Saturday, July 6, 2013

Taking count of the Homer Multitext

In the seminar on the Homer Multitext project that wraps up today at the Center for Hellenic Studies, five teams editing Iliad 10 in the Venetus A manuscript have been working with an experimental automated validation system.  Teams are verifying that their editions of texts and related records about manuscripts and images pass a variety of consistency tests.  One important implication of this work is that we can now build new versions of the Homer Muiltitext Project's online services automatically from material passing a defined suite of tests.  

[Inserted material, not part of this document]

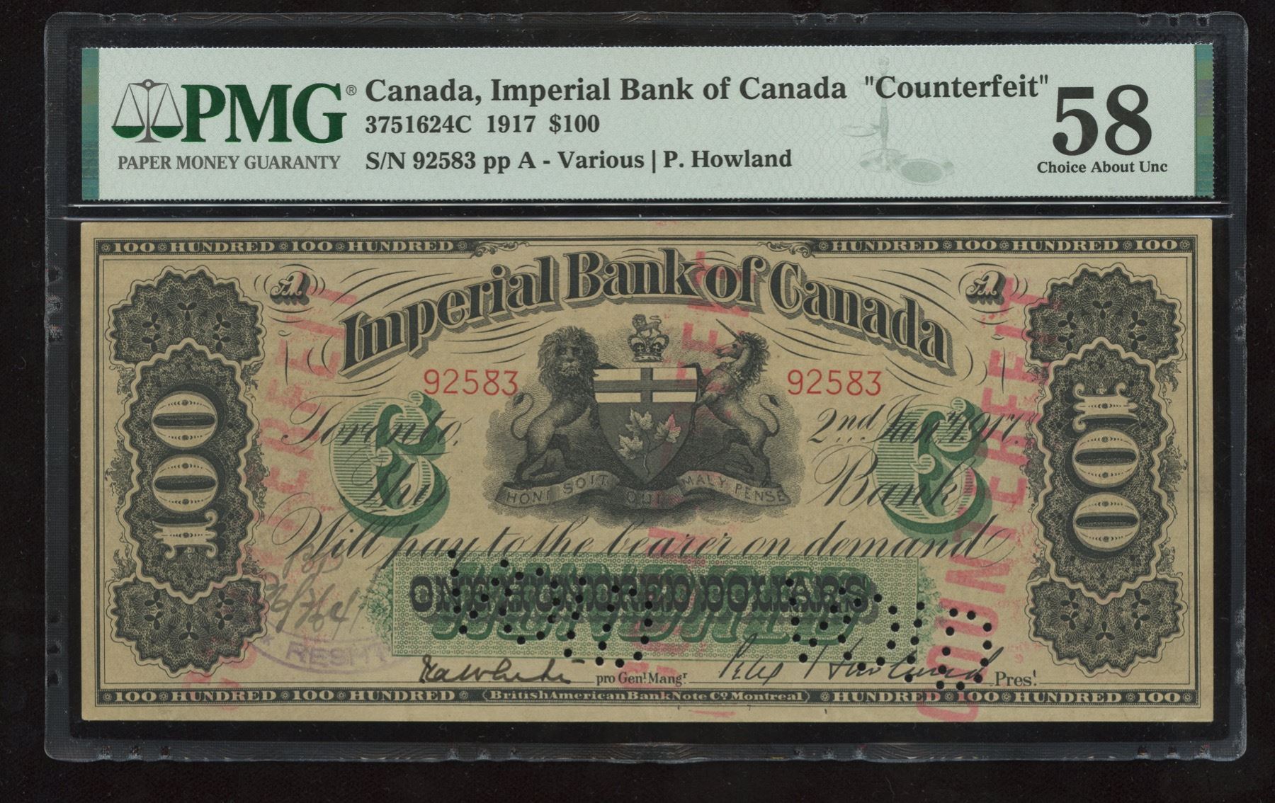 CH 375-16-24C. Perforated “VOID” twice, at signature panel and overprinted “COUNTERFEIT” numerous times, in pink ink, front and back. These interesting notes were counterfeited by the Germans during World War One. It was an attempt to undermine the Canadian financial system. However, the quality of the counterfeits was not optimal and when presented for redemption in northwest Iran, they were overprint by the Imperial Bank of Resht and then cancelled. This example is certified by PMG and graded AU-58, tied for finest graded with only two others. S/N: 92583/A.

An immediate, practical consequence is that we can completely reinstall the project's online services in 5-10 minutes, a significant improvement over the earlier, more tedious process.  As an example of how easily this allows us to survey information across the HMT project, here are a few numbers about the current state of the project's editions of Iliad 1-7 in the Venetus A manuscript.

Features Number
Tokens (“words”) indexed to occurrence in a specific passage > 100,000
Distinct forms of indexed tokens > 25,000
Lexical entities (“dictionary entries”) represented by the 25,000 distinct forms > 8,000

Those numbers will change, not only as we add new material, but as we now begin to review our earlier work and assess our editions of Iliad 1-7 against the same tests being used in our current work on Iliad 8-10.